The data indicates that anxiety has an exquisitely selective effect on neuronal activity that supports decision making, says Bita Moghaddam, the lead author of the study and a professor in the Department of Neuroscience within the Kenneth P. Dietrich School of Arts and Sciences. Up to now, scientists have mostly studied anxiety in animal models in the context of fear and measured how brain cells react to a threatening situation. But human anxiety is devastating, not merely because of how the person feels, but also because it can interfere with nearly all aspects of daily life including decision making, Moghaddam says.

Pitt researchers studied this aspect of anxiety by monitoring the activity of a large number of neurons as rats made decisions about which choice was most optimal for receiving a reward. They compared behavior and neuronal activity in two groups: one group that had a placebo injection and another that got a low dose of an anxiety-inducing drug.
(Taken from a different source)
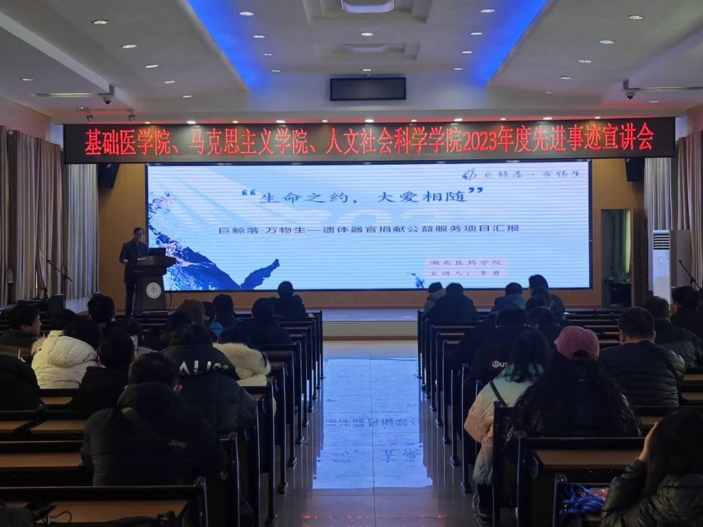 本次宣讲会邀请到2023年“荆楚楷模”、“十堰好人”、TapTap形态学实验室副主任、巨鲸落·万物生遗体器官捐献志愿服务队队长李勇老师和2023年湖北省一流本科课程《病理生理学》负责人张亚辉老师进行分享交流。

As with many people who suffer from anxiety but go through day-to-day life and make decisions, the anxious rats completed the decision-making task and, actually, did not do too badly. But they made far more mistakes when the correct choice involved ignoring distracting information. “A brain locus of vulnerability for these anxiety-induced mistakes was a group of cells in the PFC that specifically coded for choice. Anxiety weakened the coding power of these neurons.
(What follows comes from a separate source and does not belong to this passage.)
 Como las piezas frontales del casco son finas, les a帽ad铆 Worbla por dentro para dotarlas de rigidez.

“We have had a simplistic approach to studying and treating anxiety. We have equated it with fear and have mostly assumed that it over-engages entire brain circuits. But this study shows that anxiety disengages brain cells in a highly specialized manner.”

Perhaps, down the line, this better understanding of the brain mechanics behind anxiety and decision making, she says, could lead to better treatment of anxiety in people and, subsequently, better outcomes in the treatment of psychiatric disorders.